Chief Judge of the Indiana Court of Appeals
- In office January 1, 2020 – December 31, 2022
- Preceded by: Hon. Nancy H. Vaidik
- Succeeded by: Hon. Robert R. Altice, Jr.

Judge of the Indiana Court of Appeals
- Incumbent
- Assumed office August 1, 2007
- Appointed by: Mitch Daniels

Personal details
- Education: Indiana University, Bloomington (BA) Indiana University, Indianapolis (JD)

= Cale J. Bradford =

American judge

Cale J. Bradford is a judge of the Indiana Court of Appeals, who has also served as the court's Chief Judge. He was appointed to the Court's Second District on August 1, 2007, by Governor Mitch Daniels. He was selected to a three-year term to serve as the court's Chief Judge on January 1, 2020. Upon completion of his term, on December 31, 2022, Judge Bradford was succeeded by Judge Robert R. Altice Jr. as the court's Chief Judge.

Prior to his service on the Court of Appeals, Bradford served as a judge of the Marion County Superior Court. He was elected on January 1, 1997, and was the presiding judge for the 2005–2006 term, as well as being the juvenile division chair.

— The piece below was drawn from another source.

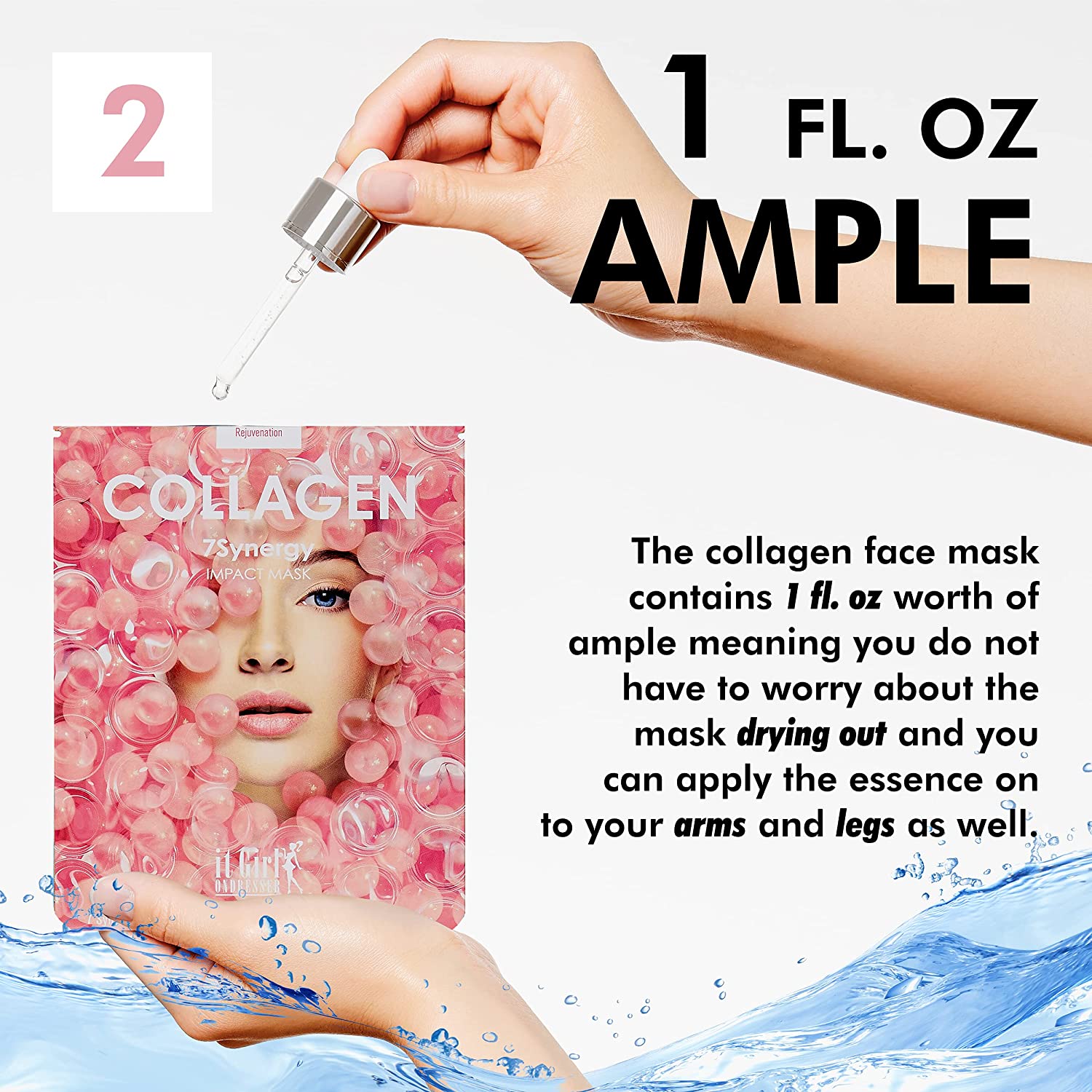 30ML AMPLE - The collagen face mask for face mask beauty contains 30ml worth of ample. A single face sheet mask that we provide contains 30ml, meaning that you do not have to worry about the skin care mask drying out or lacking essence as we try to give the most to our customers. The collagen mask contains enough essence for you so that you can apply the essence on to your arms and legs as well.

Bradford earned a B.S. at Indiana University Bloomington in 1982 and a J.D. at the Indiana University Robert H. McKinney School of Law in 1986.

==Controversy==
In a child custody case, Judge Bradford approved a ruling of a magistrate forbidding either parent from instructing their son in their shared religious beliefs. The magistrate questioned how Wicca differed from Satanism and required the parents to shelter their child from "non-mainstream religious beliefs and rituals". This ruling was overturned on appeal.